Die Dissertation Finding a Path for China's Rise trägt zu dieser Differenzierung bei. Dies in Form einer historischen Analyse der Wirtschaftspolitik der Volksrepublik Chinas, die nach inkrementellen oder qualitativen wirtschaftspolitischen Kompromissen auf Grundlage der Grenzen des Möglichen im flexiblen ideologischen Rahmen der KPCh vor Ende des Jahres 1978 fragt. Dies vor dem Hintergrund der deutlichen Expansion des wirtschaftlichen Austausches Chinas mit nichtsozialistischen Staaten im Verlauf der 1970erjahre und damit zusammenhängend der weltwirtschaftlichen Verwerfungen der Dekade.

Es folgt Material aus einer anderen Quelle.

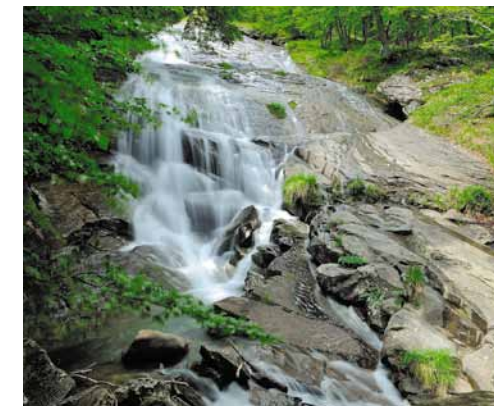
Una delle cento cascate. One of the Cento Cascade waterfalls.

Following the trail for about 3km we reach the fork (359), turn right onto the dirt track (6) in the Vercereti district. After 2km we return to our starting point.

Hinsichtlich der Wirtschaftspolitik kann der chinesische Sozialismus als Ideologie und Methode der wirtschaftlichen Modernisierung im Sinne der Industrialisierung konzeptualisiert werden. Dieses Leitmotiv des wirtschaftlichen und damit verbunden militärischen Aufholens zu den industrialisierten Ländern bildete die Basis für die Ausbildung politischer Kompromisse. Eine verbreitete Sichtweise, welche die Entwicklung der chinesischen Wirtschaftspolitik primär durch einen angenommenen politischen Dualismus – beispielsweise zwischen einer «linken» und einer «rechten» oder einer «ideologischen» und «pragmatischen» Fraktion innerhalb der KPCh – zu verstehen sucht, greift oft zu kurz. Durch das verbindende Ziel des wirtschaftlichen und technologischen Fortschritts ergeben sich eine «Mittellinie» und Grenzen des Möglichen, welche tatsächlich formulierte und kommunizierte Politiken besser zu erklären vermögen.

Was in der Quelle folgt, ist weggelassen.